SUPPLIED DATA:
══════
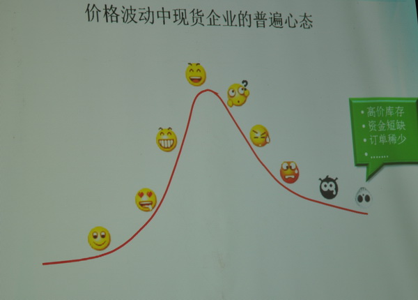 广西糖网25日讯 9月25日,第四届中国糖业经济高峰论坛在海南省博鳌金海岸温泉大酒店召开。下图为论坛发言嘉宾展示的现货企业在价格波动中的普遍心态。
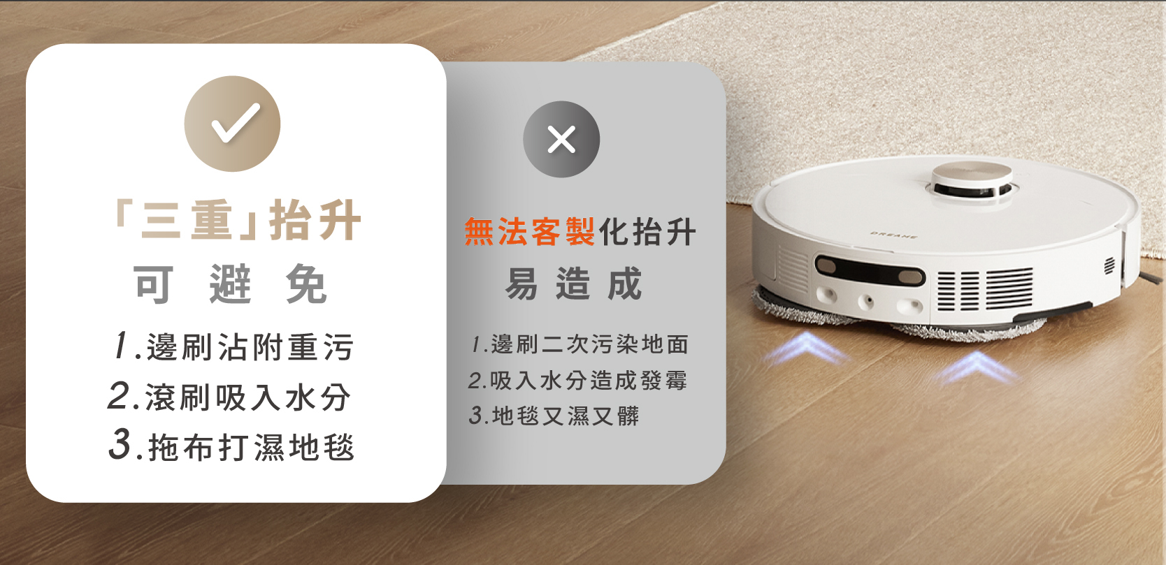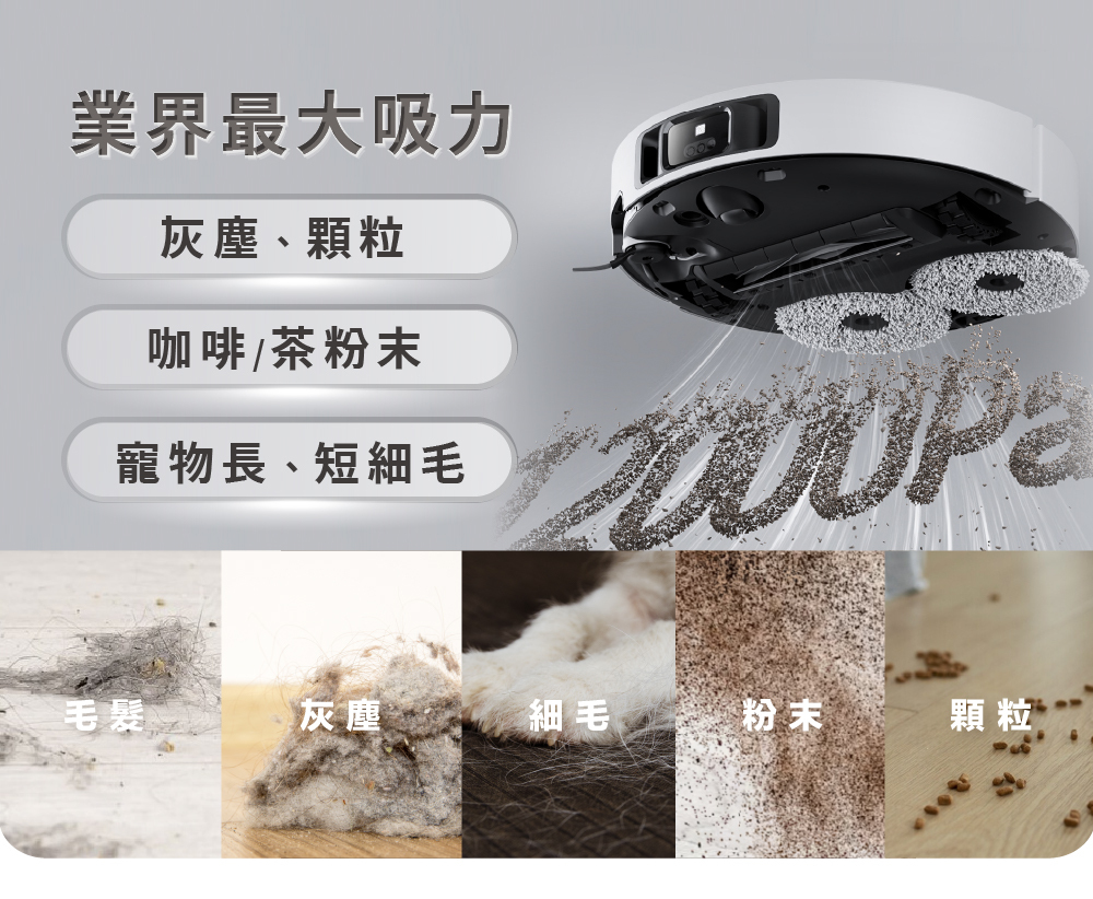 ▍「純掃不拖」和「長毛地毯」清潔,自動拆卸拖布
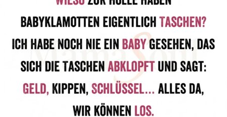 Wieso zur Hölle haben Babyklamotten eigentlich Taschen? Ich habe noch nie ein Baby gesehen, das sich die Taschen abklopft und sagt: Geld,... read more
══════
HOW TO COMPLETE THIS TASK: Would you please repeat all the data word for word, but without the pictures?

SOLUTION TO THE PROBLEM:
 广西糖网25日讯 9月25日,第四届中国糖业经济高峰论坛在海南省博鳌金海岸温泉大酒店召开。下图为论坛发言嘉宾展示的现货企业在价格波动中的普遍心态。
 ▍「純掃不拖」和「長毛地毯」清潔,自動拆卸拖布
 Wieso zur Hölle haben Babyklamotten eigentlich Taschen? Ich habe noch nie ein Baby gesehen, das sich die Taschen abklopft und sagt: Geld,... read more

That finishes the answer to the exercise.